Eleanor had started the school because she didn’t want other children to suffer the way she’d suffered when she returned from her own Nonsense world and ran up against the disbelief of the people who should have been most willing to believe her. Strange as it was to consider, she’d been young once, quick and bright and flexible-minded, ready to handle any challenge … except for exile. So she’d opened a school, with the goal of getting it as stable as she could before senility softened her mind and she went back through her own door. Before she went home.

Kade had always assumed there’d be someone to take over when that happened. Not Lundy, maybe, whose own journeys had left her a brilliant woman trapped in a body growing younger every year, but someone adult and capable. Someone who’d understand why it was so important, and who’d be willing to keep Kade on, keep teaching him everything he’d need to know to eventually step up as headmaster. And of course, there was college to be considered, courses in education and business and …

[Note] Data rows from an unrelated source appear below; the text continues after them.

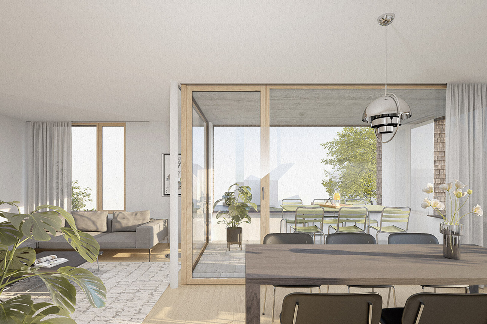 Die Beheizung ist mittels Wärmepumpe mit Erdsonden geplant. Die Wohnungen im Erdgeschoss verfügen über Logien mit Privatgärten, die Wohnungen in den Obergeschossen über Logien bzw. Dachterrassen.
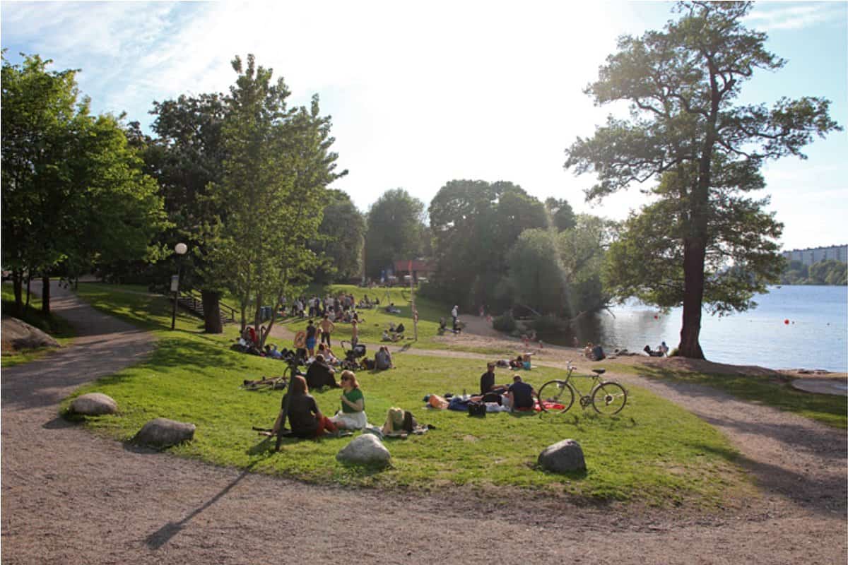 Langholmen ist auch ein beliebtes Ausflugsziel für die Stockholmer. 50 Meter vom Hotel entfernt befindet sich direkt ein kleiner Sandstrand und nur wenige Gehminuten entfernt befinden sich zahlreiche Bootsstege oder Felsen, auf denen man es sich bei dem endlos erscheinenden Sonnenuntergang gemütlich machen kann. Gute Plätze sollte man sich besonders an Wochenenden rechtzeitig sichern. Eine absolut traumhafte Kulisse!
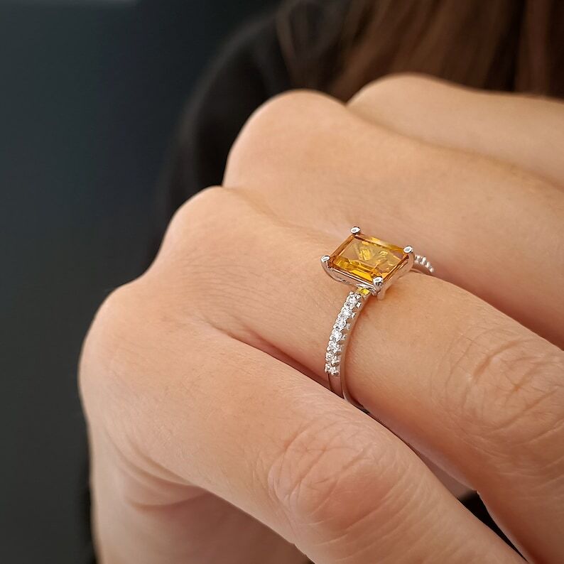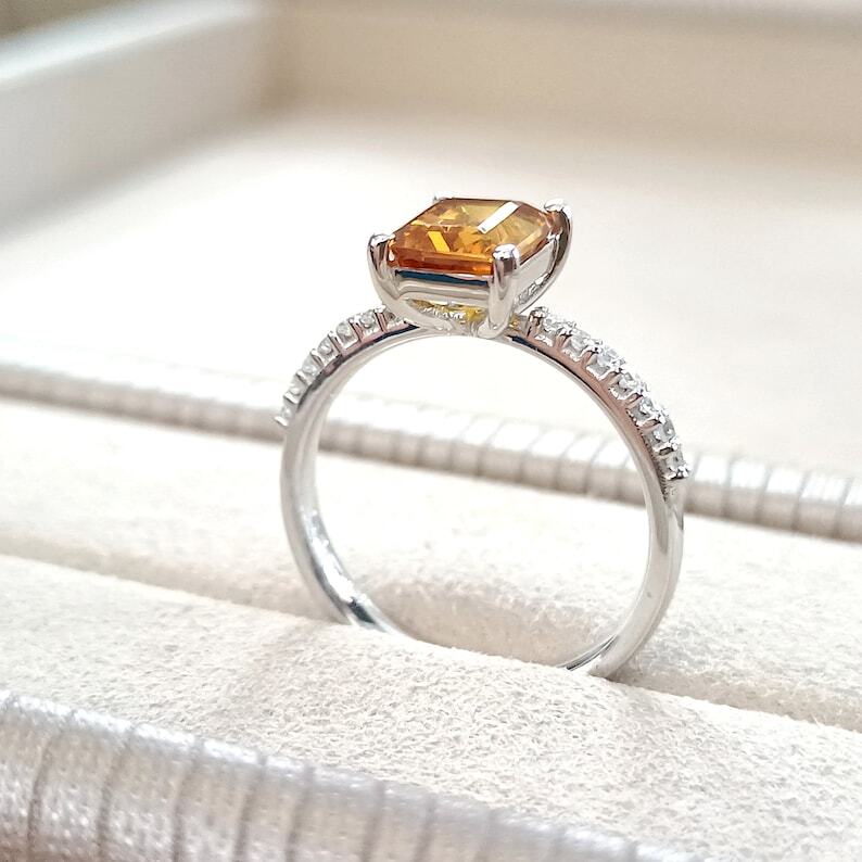 Natural Citrine Diamonds Gemstone Engagement Ring, valentine day gifts
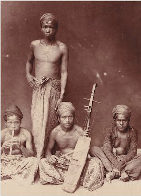 | ~1870-1880: Empat pria Jawa, dua di antaranya berpose dengan seruling dan rebab (klik untuk memperbesar | @ Indies Gallery) |
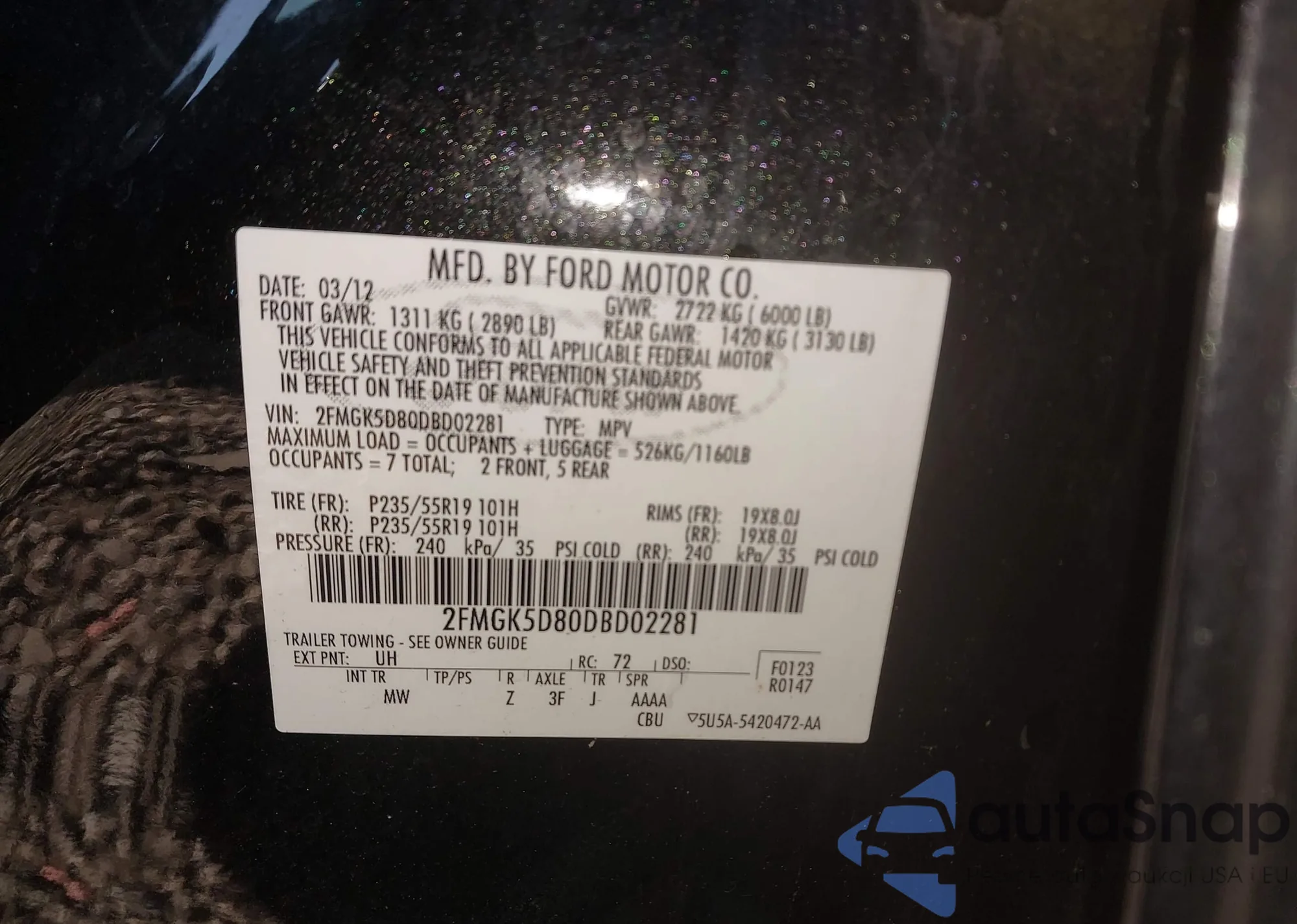 LOT: 43734897 VIN: 5XYPG4A35KG534781
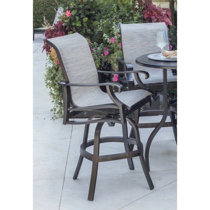 The superb Stirling Sling Bar Collection puts a contemporary spin on a traditional design, incorporating the perfect balance of detail and simplicity. -- The swivel barstools offer a higher back with a contour sling, striking the perfect balance between low maintenance and comfort. The powder coated aluminum frame along with a thicker layer of coating will shield this investment for years to come.
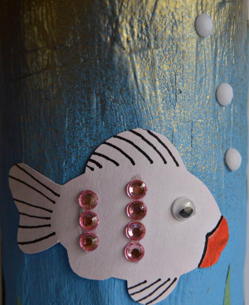 Glue the fish onto the can. Use your finger to gently smooth it down. Glue the pink rhinestones to the body of the fish.
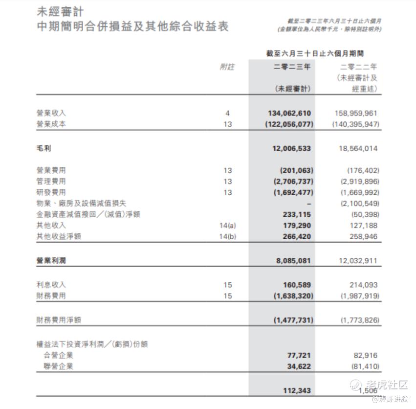 据公司财报,2023上半年,公司营收为1340.6亿元,同比下降15.66%,归母净利为34.17亿元,同比下降23.3%;扣非归母净利为28.84亿元,同比下降24.8%。
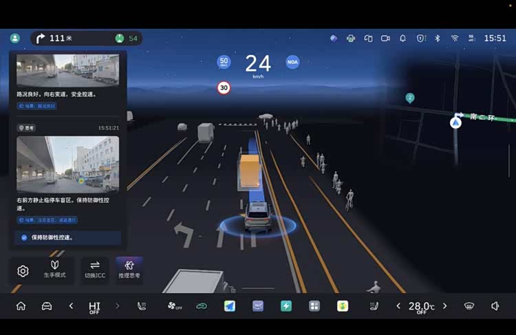 有了VLA大模型的赋能,全新蓝山拥有了拟人化的推理思考能力,真正做到了“听得懂、会思考、能交心”。凭借深度的场景感知,蓝山不仅能识别物体,更能像真人一样主动“理解意图”,在盲区汇入、掉头或路边临停等风险场景下,能够以“防御为先”的直觉提前感知风险并从容避险。即便身处施工区域、极窄街巷等极限环境,它也能像经验丰富的“老司机”一样灵活预判,主动规划出最优通行路径。不仅如此,为了建立人与科技之间的深层信任,全新蓝山还通过CoT思维链推理卡片将辅助驾驶逻辑“可视化”,在屏幕上直观展示“它在做什么”以及“为什么这么做”,彻底消除了用户对未知的焦虑,也让领先的智能科技更有“人味儿”。
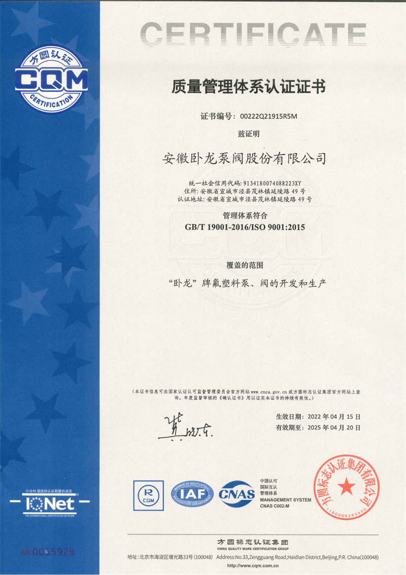安徽臥龍泵閥股份有限公司位于風(fēng)景秀麗的江南古鎮(zhèn)——安徽省涇縣茂林鎮(zhèn)。公司前身涇縣氟塑料制品廠創(chuàng)建于1985年,是國內(nèi)較早引進(jìn)中科院上海有機(jī)化學(xué)研究所專利材料——"氟塑料合金",并以此耐腐蝕材料專業(yè)生產(chǎn)制造化工泵、閥、襯氟管道等產(chǎn)品的企業(yè)。公司經(jīng)過歷次的改制變革,2015年更名為安徽臥龍泵閥股份有限公司。
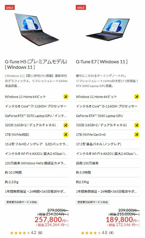 また場所を選ばずに本格的なゲーミングを楽しめるノート型のゲーミングPCもセール対象となっています。

And he wanted to involve Eleanor in this latest potential crisis, and he didn’t want to involve her at all, because that theoretical adult had yet to appear. What if she decided this was the last thing she could handle? What if she left him, unprepared and alone, to take over running the school?

The thought made his heart beat too fast and his chest feel too tight. Panic attacks aren’t supposed to be contagious, he thought sourly. If he went too far down the metaphorical rabbit hole, he’d need to take his binder off in order to get his breath back, and he wanted that even less than he wanted to talk to his great-aunt.

Sumi followed him down the stairs from the attic to the main floor and along the hallway toward the basement, uncharacteristically quiet. When they reached the basement door, she reached out and placed a long-fingered hand on his arm, stopping him.

“There’s enough air for everyone,” she said, voice soft. “No one’s going to take it away from you.”